Assignment:
Set the pictures aside and return each record below precisely as written.

::::

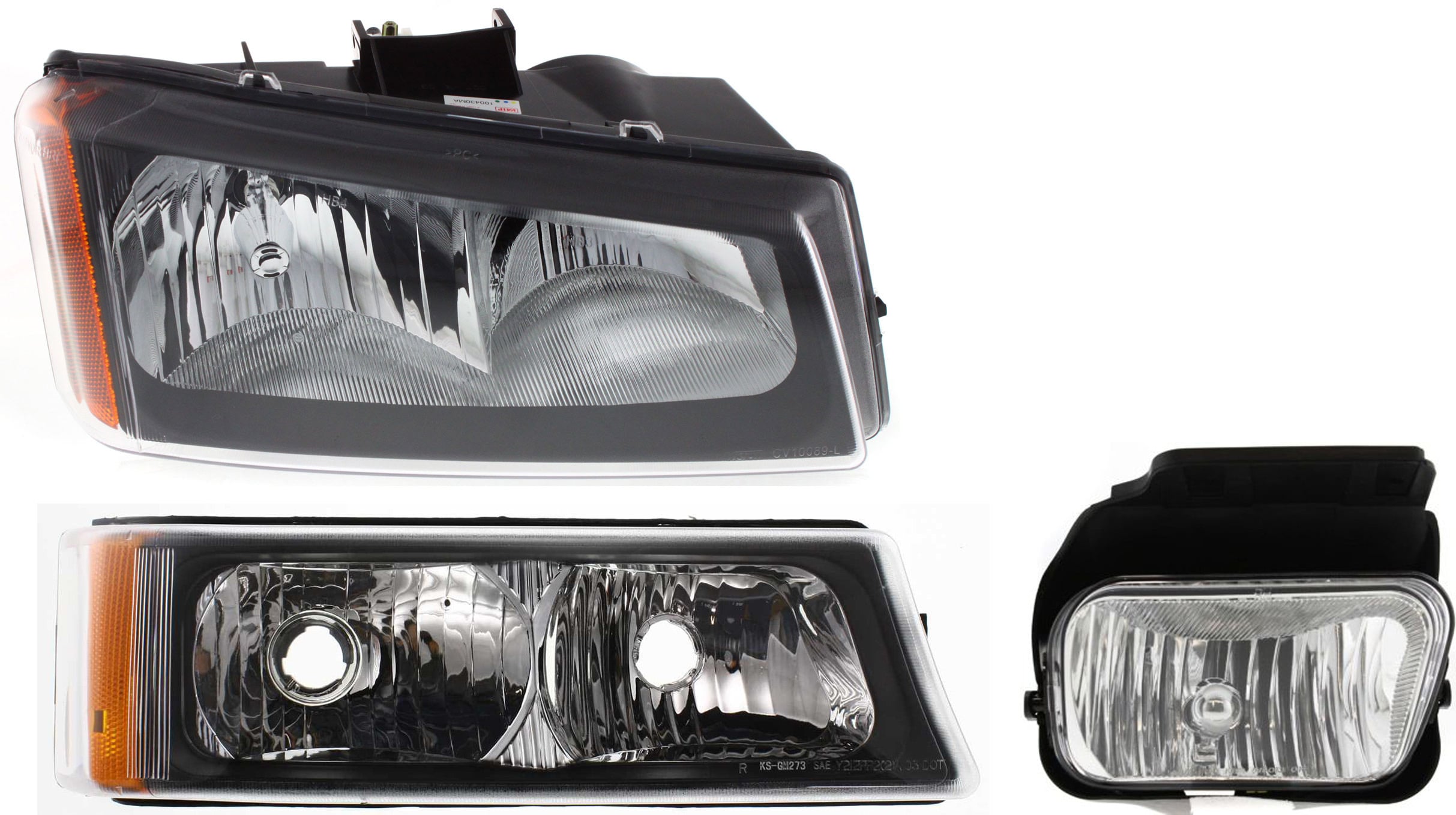 Headlight Assembly Kit for Chevrolet Avalanche 1500/2500 (2003-2006), Right (Passenger) Side, Halogen, 3-Piece with Fog Light and Turn Signal Light, Replacement
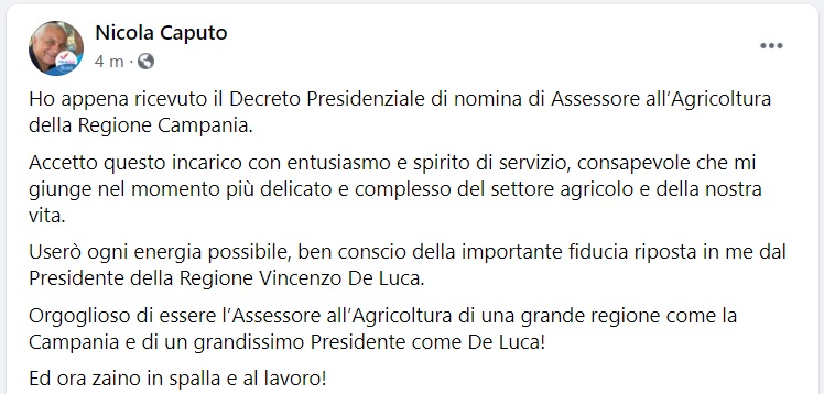 Questo quanto pubblicato sulla pagina fb dell'On.le Caputo
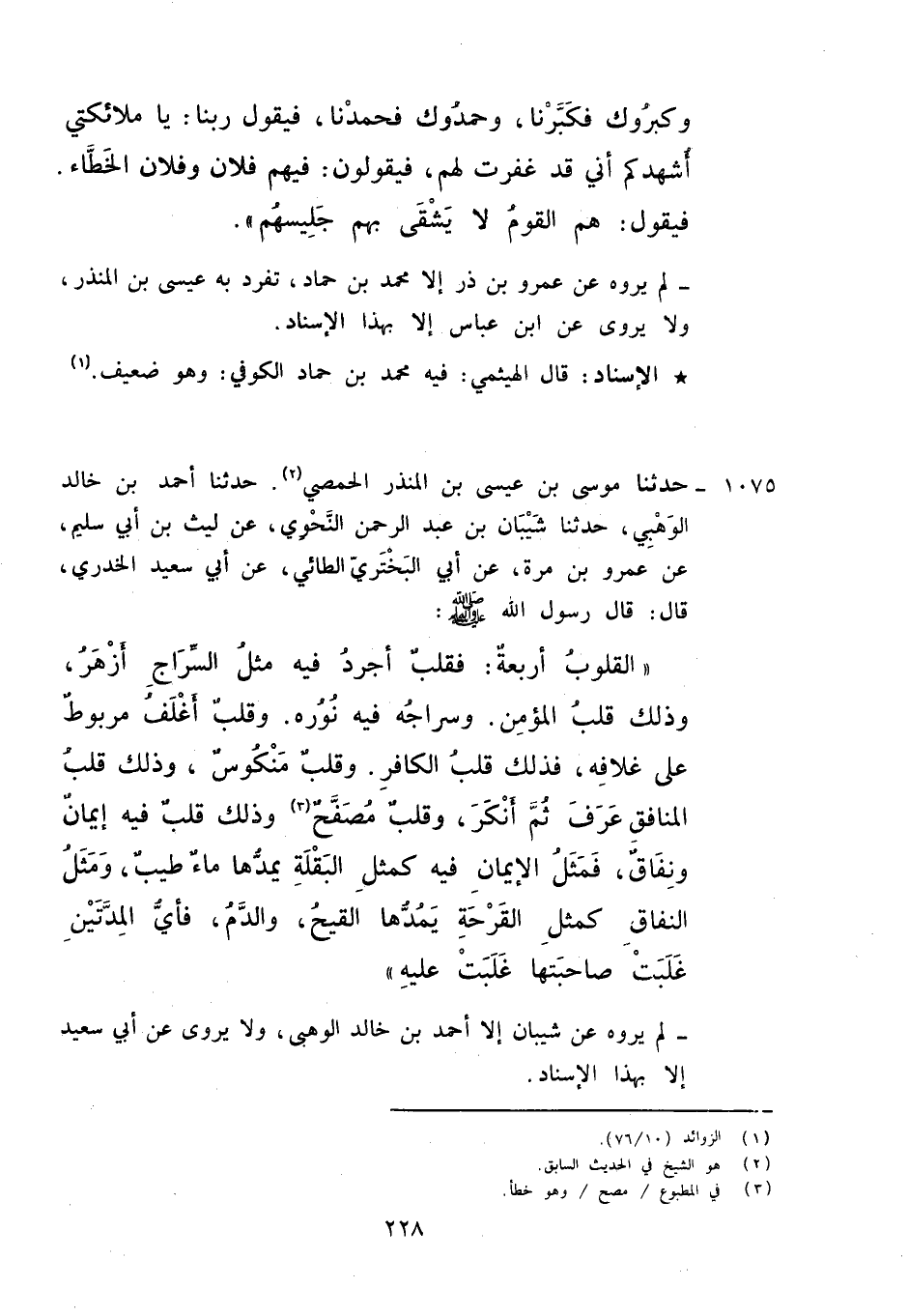 1075 - حَدَّثَنَا مُوسَى بْنُ عِيسَى بْنِ الْمُنْذِرِ الْحِمْصِيُّ، حَدَّثَنَا أَحْمَدُ بْنُ خَالِدٍ الْوَهْبِيُّ، حَدَّثَنَا شَيْبَانُ بْنُ عَبْدِ الرَّحْمَنِ النَّحْوِيُّ، عَنْ لَيْثِ بْنِ أَبِي سُلَيْمٍ، عَنْ عَمْرِو بْنِ مُرَّةَ، عَنْ أَبِي الْبَخْتَرِيِّ الطَّائِيِّ، عَنْ أَبِي سَعِيدٍ الْخُدْرِيِّ قَالَ: قَالَ رَسُولُ اللَّهِ صَلَّى اللَّهُ عَلَيْهِ وَآلِهِ وَسَلَّمَ: " §الْقُلُوبُ أَرْبَعَةٌ: فَقَلَبٌ أَجْرَدُ فِيهِ مِثْلُ السِّرَاجِ أَزْهَرُ وَذَلِكَ قَلْبُ الْمُؤْمِنِ وَسِرَاجُهُ فِيهِ نُورُهُ , وَقَلَبٌ أَغْلَفُ مَرْبُوطٌ عَلَى غِلَافِهِ فَذَلِكَ قَلْبُ الْكَافِرِ , وَقَلَبٌ مَنْكُوسٌ وَذَلِكَ قَلْبُ الْمُنَافِقِ عَرَفَ ثُمَّ أَنْكَرَ , وَقَلَبٌ مُصِحٌّ , وَذَلِكَ قَلْبٌ فِيهِ إِيمَانٌ وَنِفَاقٌ , فَمَثَلُ الْإِيمَانِ فِيهِ كَمَثَلِ الْبَقْلَةِ يَمُدُّهَا مَاءٌ طَيِّبٌ , وَمَثَلُ النِّفَاقِ كَمَثَلِ الْقُرْحَةِ يَمُدُّهَا الْقَيْحُ وَالدَّمُ , فَأَيُّ الْمَدَّتَيْنِ غَلَبَتْ عَلَى صَاحِبَتِهَا غَلَبَتْ عَلَيْهِ " لَمْ يَرْوِهِ عَنْ شَيْبَانَ إِلَّا أَحْمَدُ بْنُ خَالِدٍ الْوَهْبِيُّ , وَلَا يُرْوَى عَنْ أَبِي سَعِيدٍ إِلَّا بِهَذَا الْإِسْنَادِ
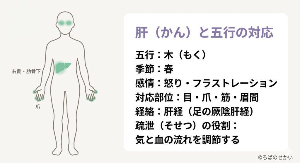 東洋医学では、肝臓は単なる解毒器官ではありません。「肝(かん)」は五行論における「木」行に対応し、春の季節・緑色・酸味・怒りの感情を司るとされています。
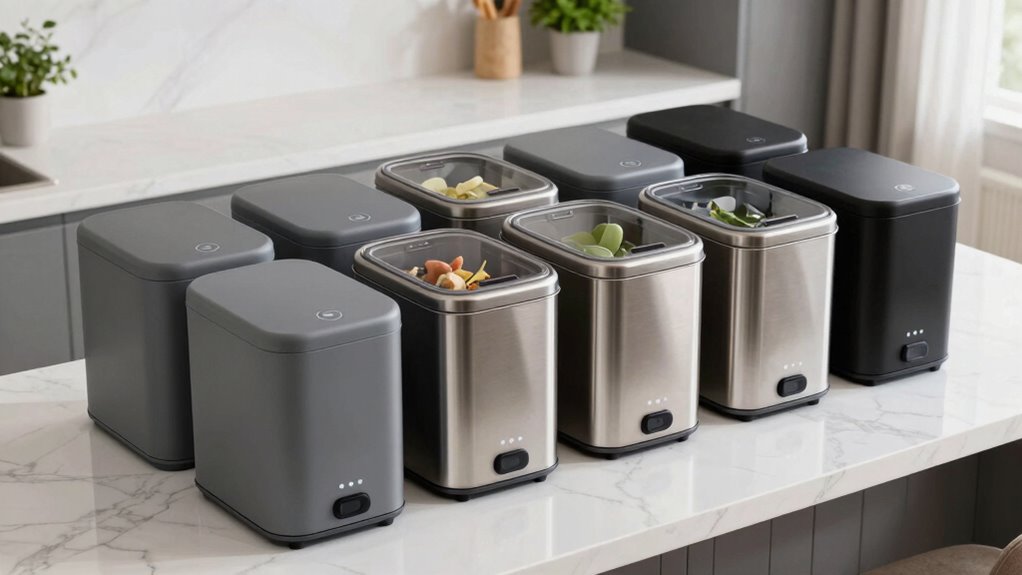 If you’re looking for the 15 best electric compost bins for your kitchen in 2026, I’ve found options that combine quick waste processing, odor control, auto-cleaning, and sleek designs. These units can turn food scraps into nutrient-rich compost in just a few hours, with features like smart modes and quiet operation. With various sizes and advanced tech, these composters fit different needs and lifestyles. Keep exploring to discover the top choices that suit your eco-friendly kitchen goals.
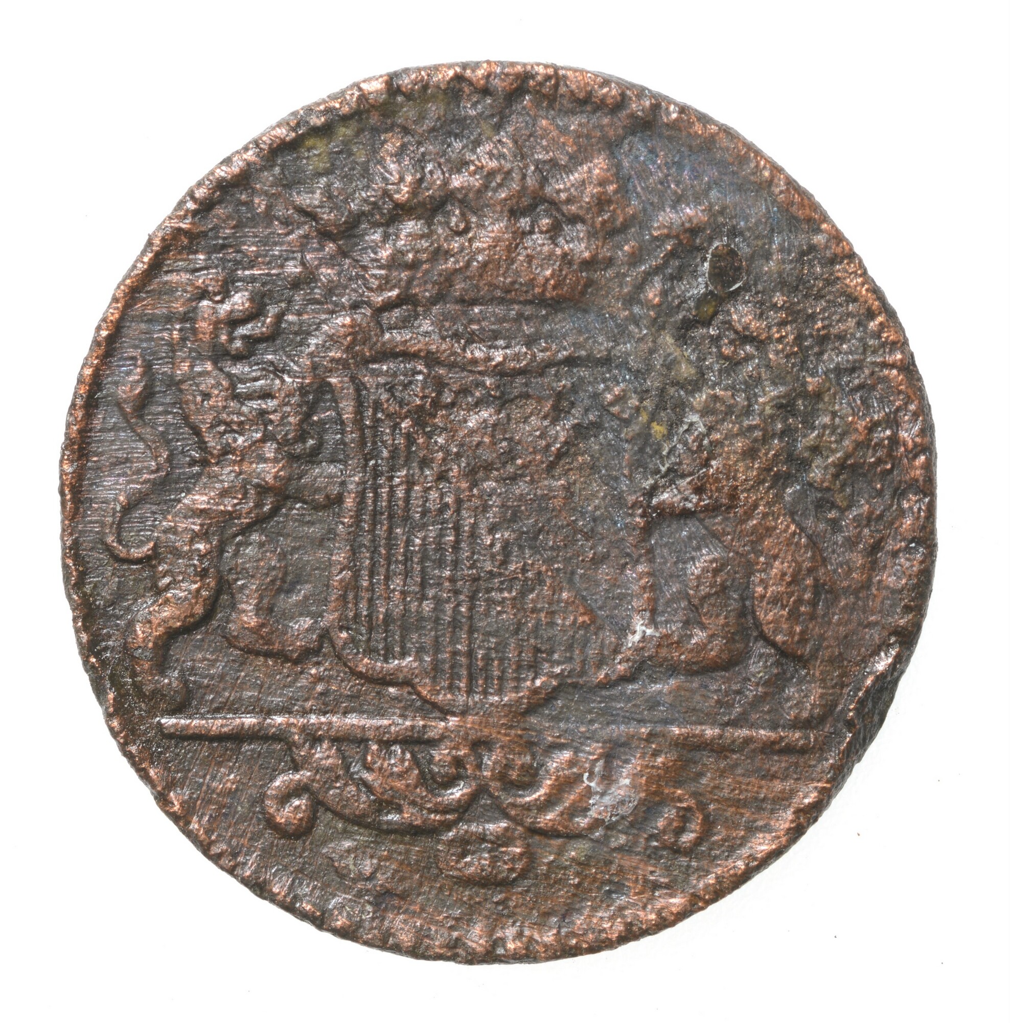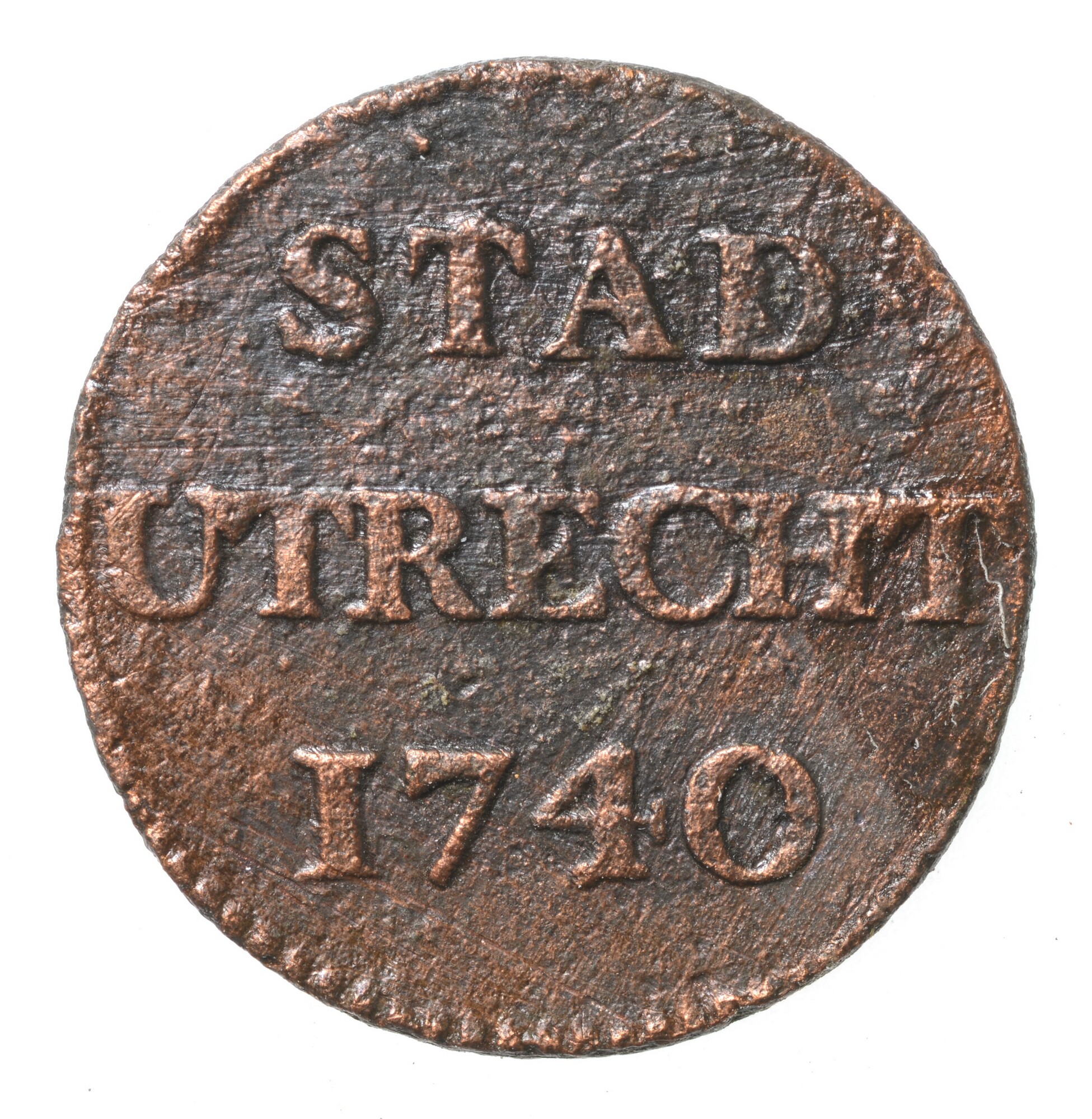 Duit; Stad Utrecht (1581-1795); vz.: STAD UTRECHT met daaronder jaartal met Romeinse I; kz.: Stadswapen van Utrecht met kroon, het wapen en de kroon worden vastgehouden door twee leeuwen. Onder het wapen loopt een dunne streep met daaronder een versiering met smalle (kleine) schelp. In het kwartier linksonder een grove arcering van verticale lijnen; gewicht: ...

::::

Response:
 Headlight Assembly Kit for Chevrolet Avalanche 1500/2500 (2003-2006), Right (Passenger) Side, Halogen, 3-Piece with Fog Light and Turn Signal Light, Replacement
 Questo quanto pubblicato sulla pagina fb dell'On.le Caputo
 1075 - حَدَّثَنَا مُوسَى بْنُ عِيسَى بْنِ الْمُنْذِرِ الْحِمْصِيُّ، حَدَّثَنَا أَحْمَدُ بْنُ خَالِدٍ الْوَهْبِيُّ، حَدَّثَنَا شَيْبَانُ بْنُ عَبْدِ الرَّحْمَنِ النَّحْوِيُّ، عَنْ لَيْثِ بْنِ أَبِي سُلَيْمٍ، عَنْ عَمْرِو بْنِ مُرَّةَ، عَنْ أَبِي الْبَخْتَرِيِّ الطَّائِيِّ، عَنْ أَبِي سَعِيدٍ الْخُدْرِيِّ قَالَ: قَالَ رَسُولُ اللَّهِ صَلَّى اللَّهُ عَلَيْهِ وَآلِهِ وَسَلَّمَ: " §الْقُلُوبُ أَرْبَعَةٌ: فَقَلَبٌ أَجْرَدُ فِيهِ مِثْلُ السِّرَاجِ أَزْهَرُ وَذَلِكَ قَلْبُ الْمُؤْمِنِ وَسِرَاجُهُ فِيهِ نُورُهُ , وَقَلَبٌ أَغْلَفُ مَرْبُوطٌ عَلَى غِلَافِهِ فَذَلِكَ قَلْبُ الْكَافِرِ , وَقَلَبٌ مَنْكُوسٌ وَذَلِكَ قَلْبُ الْمُنَافِقِ عَرَفَ ثُمَّ أَنْكَرَ , وَقَلَبٌ مُصِحٌّ , وَذَلِكَ قَلْبٌ فِيهِ إِيمَانٌ وَنِفَاقٌ , فَمَثَلُ الْإِيمَانِ فِيهِ كَمَثَلِ الْبَقْلَةِ يَمُدُّهَا مَاءٌ طَيِّبٌ , وَمَثَلُ النِّفَاقِ كَمَثَلِ الْقُرْحَةِ يَمُدُّهَا الْقَيْحُ وَالدَّمُ , فَأَيُّ الْمَدَّتَيْنِ غَلَبَتْ عَلَى صَاحِبَتِهَا غَلَبَتْ عَلَيْهِ " لَمْ يَرْوِهِ عَنْ شَيْبَانَ إِلَّا أَحْمَدُ بْنُ خَالِدٍ الْوَهْبِيُّ , وَلَا يُرْوَى عَنْ أَبِي سَعِيدٍ إِلَّا بِهَذَا الْإِسْنَادِ
 東洋医学では、肝臓は単なる解毒器官ではありません。「肝(かん)」は五行論における「木」行に対応し、春の季節・緑色・酸味・怒りの感情を司るとされています。
 If you’re looking for the 15 best electric compost bins for your kitchen in 2026, I’ve found options that combine quick waste processing, odor control, auto-cleaning, and sleek designs. These units can turn food scraps into nutrient-rich compost in just a few hours, with features like smart modes and quiet operation. With various sizes and advanced tech, these composters fit different needs and lifestyles. Keep exploring to discover the top choices that suit your eco-friendly kitchen goals.
 Duit; Stad Utrecht (1581-1795); vz.: STAD UTRECHT met daaronder jaartal met Romeinse I; kz.: Stadswapen van Utrecht met kroon, het wapen en de kroon worden vastgehouden door twee leeuwen. Onder het wapen loopt een dunne streep met daaronder een versiering met smalle (kleine) schelp. In het kwartier linksonder een grove arcering van verticale lijnen; gewicht: ...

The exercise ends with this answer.